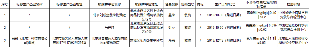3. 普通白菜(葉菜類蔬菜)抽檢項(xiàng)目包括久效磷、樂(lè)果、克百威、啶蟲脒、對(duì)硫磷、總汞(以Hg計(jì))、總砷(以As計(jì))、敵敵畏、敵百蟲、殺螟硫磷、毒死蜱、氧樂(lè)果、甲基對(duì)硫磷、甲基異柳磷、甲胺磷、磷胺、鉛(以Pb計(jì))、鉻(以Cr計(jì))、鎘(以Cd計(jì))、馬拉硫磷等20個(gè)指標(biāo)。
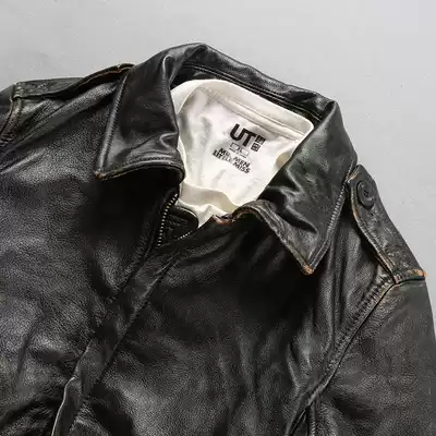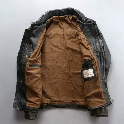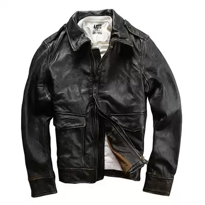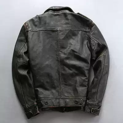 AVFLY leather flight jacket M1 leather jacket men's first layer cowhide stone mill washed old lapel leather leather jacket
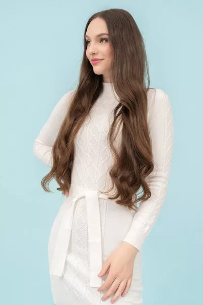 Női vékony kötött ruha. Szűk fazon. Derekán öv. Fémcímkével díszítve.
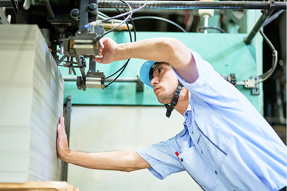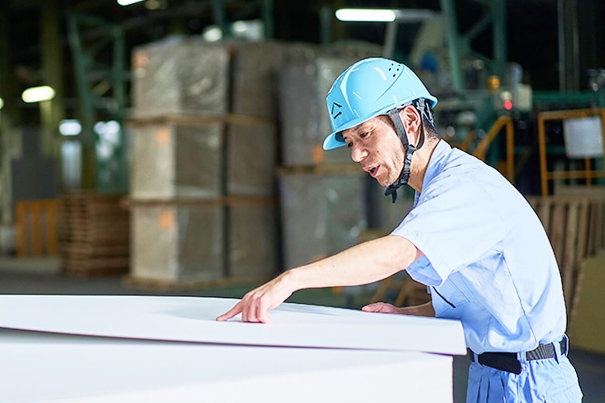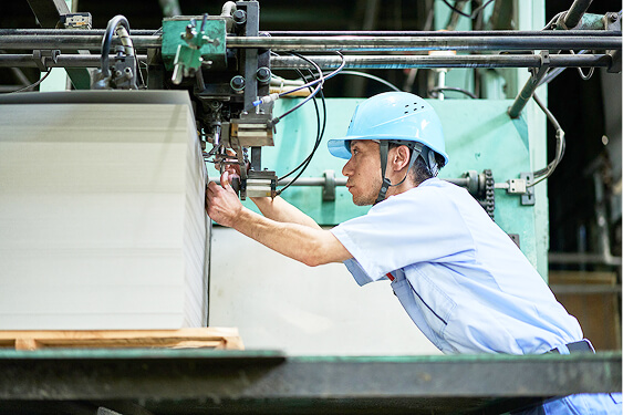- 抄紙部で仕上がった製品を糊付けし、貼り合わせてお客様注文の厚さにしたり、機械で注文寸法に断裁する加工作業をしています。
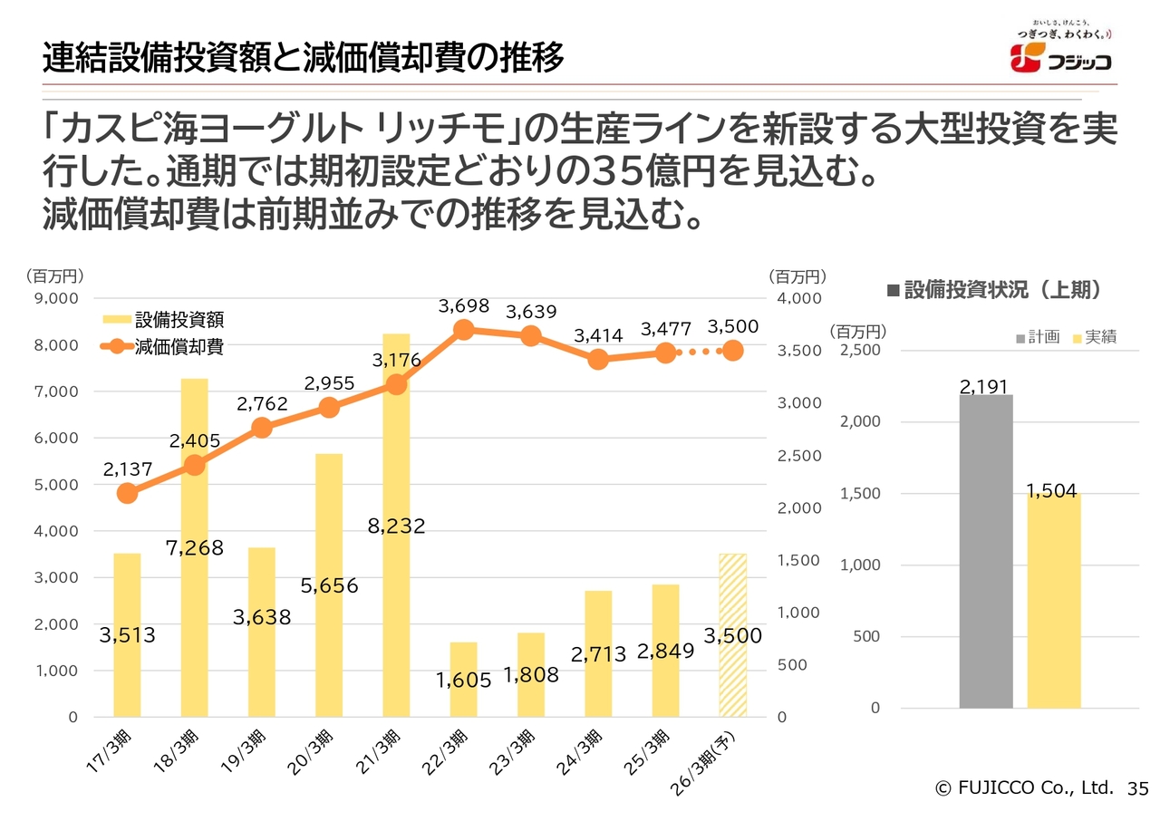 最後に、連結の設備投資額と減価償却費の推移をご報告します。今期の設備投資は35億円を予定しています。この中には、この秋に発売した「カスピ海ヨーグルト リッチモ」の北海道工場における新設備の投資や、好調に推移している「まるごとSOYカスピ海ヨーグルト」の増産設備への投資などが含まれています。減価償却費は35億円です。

* * *

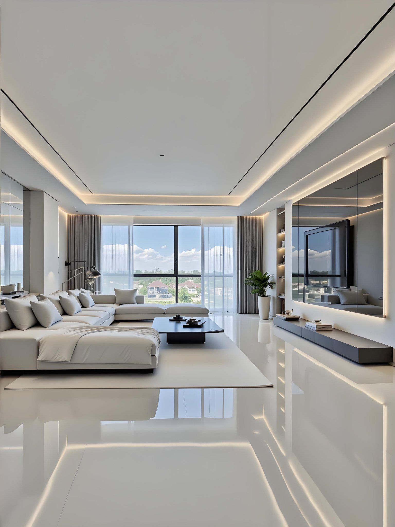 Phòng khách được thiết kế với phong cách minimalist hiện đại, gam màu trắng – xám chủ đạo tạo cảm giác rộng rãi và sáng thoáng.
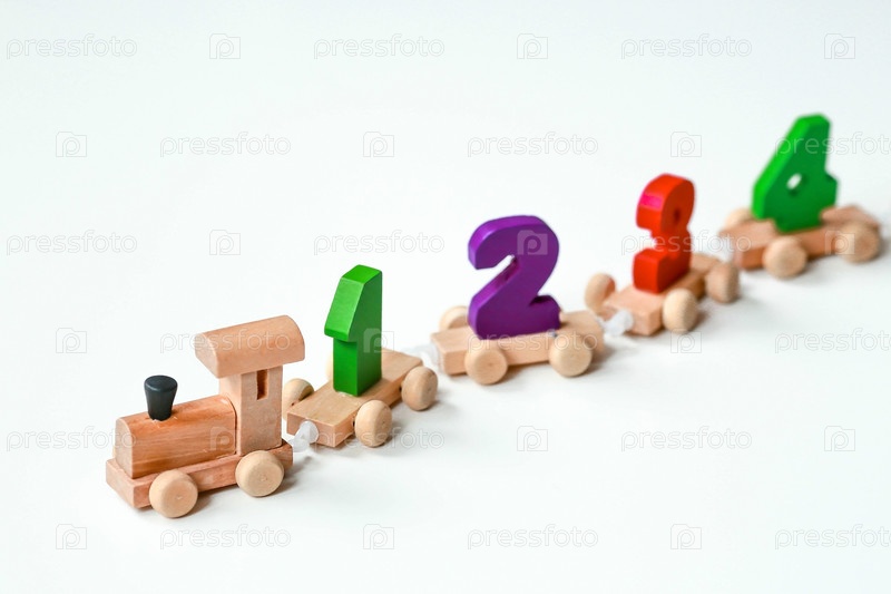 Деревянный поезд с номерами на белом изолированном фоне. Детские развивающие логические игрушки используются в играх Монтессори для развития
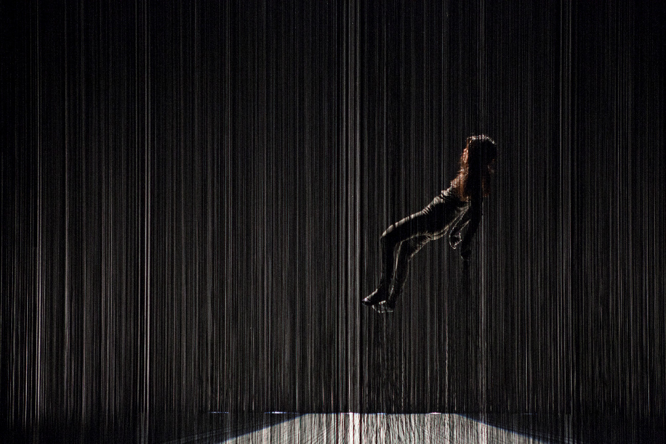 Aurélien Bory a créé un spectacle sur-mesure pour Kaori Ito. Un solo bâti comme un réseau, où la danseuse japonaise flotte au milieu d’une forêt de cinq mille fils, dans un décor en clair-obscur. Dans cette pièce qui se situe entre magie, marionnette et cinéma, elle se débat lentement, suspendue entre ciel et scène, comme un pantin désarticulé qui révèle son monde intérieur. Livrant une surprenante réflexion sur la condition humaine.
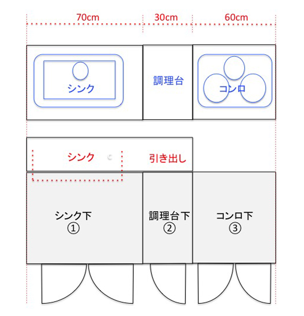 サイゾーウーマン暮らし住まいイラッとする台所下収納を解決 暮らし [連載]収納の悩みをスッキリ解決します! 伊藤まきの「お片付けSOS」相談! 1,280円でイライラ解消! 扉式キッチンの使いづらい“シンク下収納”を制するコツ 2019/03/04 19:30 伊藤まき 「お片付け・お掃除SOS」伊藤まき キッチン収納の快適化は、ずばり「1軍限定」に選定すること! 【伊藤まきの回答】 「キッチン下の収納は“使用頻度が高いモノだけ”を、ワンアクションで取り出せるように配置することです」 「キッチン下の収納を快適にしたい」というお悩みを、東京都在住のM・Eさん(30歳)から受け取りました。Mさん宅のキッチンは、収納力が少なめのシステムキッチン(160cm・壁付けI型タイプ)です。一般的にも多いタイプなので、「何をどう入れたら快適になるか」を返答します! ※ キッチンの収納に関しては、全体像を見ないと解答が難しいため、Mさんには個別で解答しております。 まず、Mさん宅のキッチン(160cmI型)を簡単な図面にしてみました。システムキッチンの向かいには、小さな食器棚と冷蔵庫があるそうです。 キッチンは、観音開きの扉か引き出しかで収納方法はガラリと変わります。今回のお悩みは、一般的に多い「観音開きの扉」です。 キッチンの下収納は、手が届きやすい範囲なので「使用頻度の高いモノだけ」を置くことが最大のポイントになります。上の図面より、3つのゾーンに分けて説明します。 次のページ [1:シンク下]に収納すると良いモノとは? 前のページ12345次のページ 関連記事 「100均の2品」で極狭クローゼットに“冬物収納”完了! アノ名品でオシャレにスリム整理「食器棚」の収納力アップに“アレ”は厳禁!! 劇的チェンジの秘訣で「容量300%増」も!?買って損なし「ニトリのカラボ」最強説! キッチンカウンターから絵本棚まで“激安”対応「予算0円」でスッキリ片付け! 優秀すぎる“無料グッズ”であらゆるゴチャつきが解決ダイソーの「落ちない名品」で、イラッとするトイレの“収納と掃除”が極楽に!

Try it: Within the listing above, the stretch from the line with "Phòng khách được" down to the line with "Aurélien Bory a" is to be given again exactly, end lines included and pictures excluded.

Response area:
 Phòng khách được thiết kế với phong cách minimalist hiện đại, gam màu trắng – xám chủ đạo tạo cảm giác rộng rãi và sáng thoáng.
 Деревянный поезд с номерами на белом изолированном фоне. Детские развивающие логические игрушки используются в играх Монтессори для развития
 Aurélien Bory a créé un spectacle sur-mesure pour Kaori Ito. Un solo bâti comme un réseau, où la danseuse japonaise flotte au milieu d’une forêt de cinq mille fils, dans un décor en clair-obscur. Dans cette pièce qui se situe entre magie, marionnette et cinéma, elle se débat lentement, suspendue entre ciel et scène, comme un pantin désarticulé qui révèle son monde intérieur. Livrant une surprenante réflexion sur la condition humaine.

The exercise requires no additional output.